··· Information provided
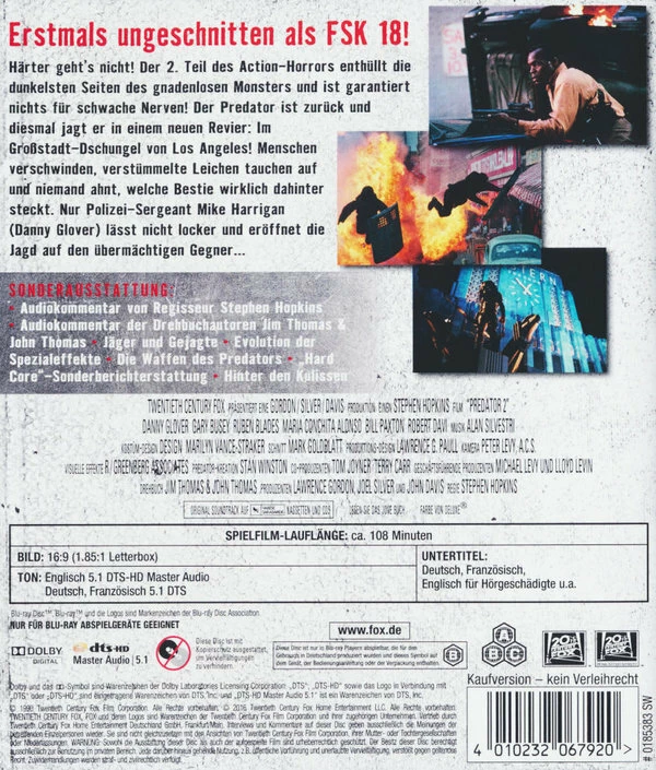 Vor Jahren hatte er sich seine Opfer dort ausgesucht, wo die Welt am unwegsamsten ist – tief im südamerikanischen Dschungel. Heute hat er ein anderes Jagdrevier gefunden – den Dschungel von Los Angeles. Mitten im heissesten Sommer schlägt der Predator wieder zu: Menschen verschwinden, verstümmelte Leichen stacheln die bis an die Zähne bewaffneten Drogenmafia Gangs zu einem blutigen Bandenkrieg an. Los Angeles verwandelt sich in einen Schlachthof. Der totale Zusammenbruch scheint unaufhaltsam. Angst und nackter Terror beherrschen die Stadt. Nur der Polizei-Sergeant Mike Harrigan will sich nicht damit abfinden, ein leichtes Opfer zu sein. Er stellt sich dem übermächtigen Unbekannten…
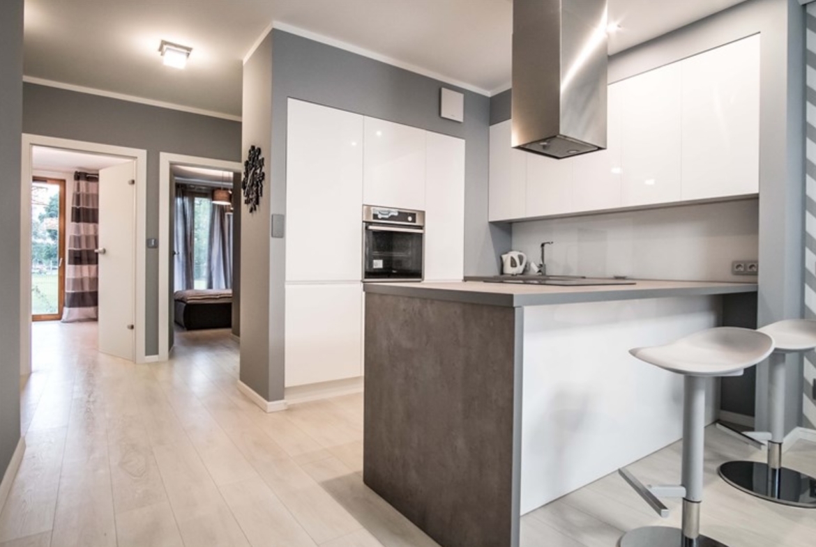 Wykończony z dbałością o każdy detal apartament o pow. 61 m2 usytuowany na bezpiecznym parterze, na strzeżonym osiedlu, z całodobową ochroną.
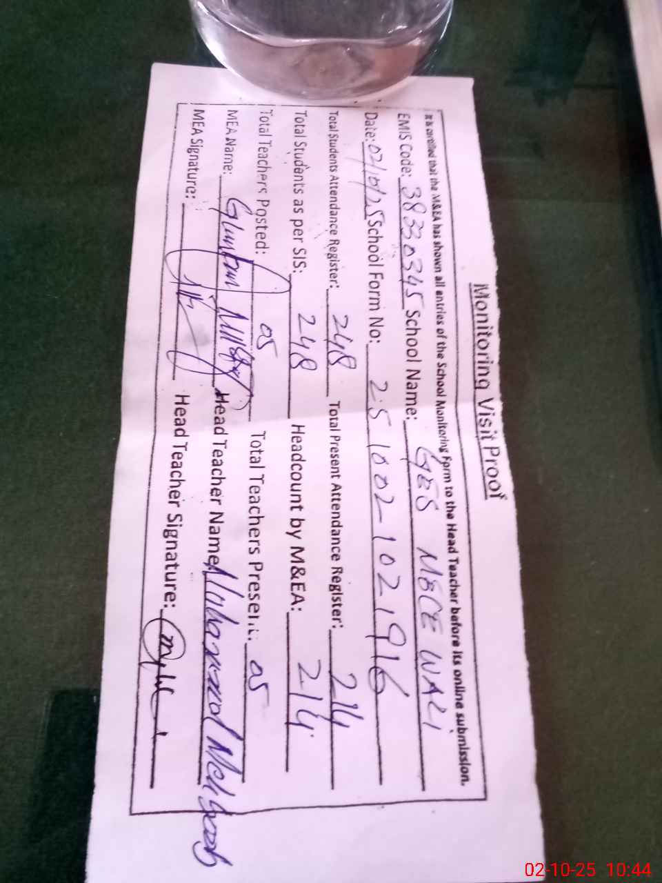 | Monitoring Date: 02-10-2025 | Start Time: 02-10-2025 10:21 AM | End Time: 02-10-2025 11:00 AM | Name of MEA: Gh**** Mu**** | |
······
### Assignment:
Pictures do not belong in the copy; repeat the rest of the listing exactly.

### Task output:
 Vor Jahren hatte er sich seine Opfer dort ausgesucht, wo die Welt am unwegsamsten ist – tief im südamerikanischen Dschungel. Heute hat er ein anderes Jagdrevier gefunden – den Dschungel von Los Angeles. Mitten im heissesten Sommer schlägt der Predator wieder zu: Menschen verschwinden, verstümmelte Leichen stacheln die bis an die Zähne bewaffneten Drogenmafia Gangs zu einem blutigen Bandenkrieg an. Los Angeles verwandelt sich in einen Schlachthof. Der totale Zusammenbruch scheint unaufhaltsam. Angst und nackter Terror beherrschen die Stadt. Nur der Polizei-Sergeant Mike Harrigan will sich nicht damit abfinden, ein leichtes Opfer zu sein. Er stellt sich dem übermächtigen Unbekannten…
 Wykończony z dbałością o każdy detal apartament o pow. 61 m2 usytuowany na bezpiecznym parterze, na strzeżonym osiedlu, z całodobową ochroną.
 | Monitoring Date: 02-10-2025 | Start Time: 02-10-2025 10:21 AM | End Time: 02-10-2025 11:00 AM | Name of MEA: Gh**** Mu**** | |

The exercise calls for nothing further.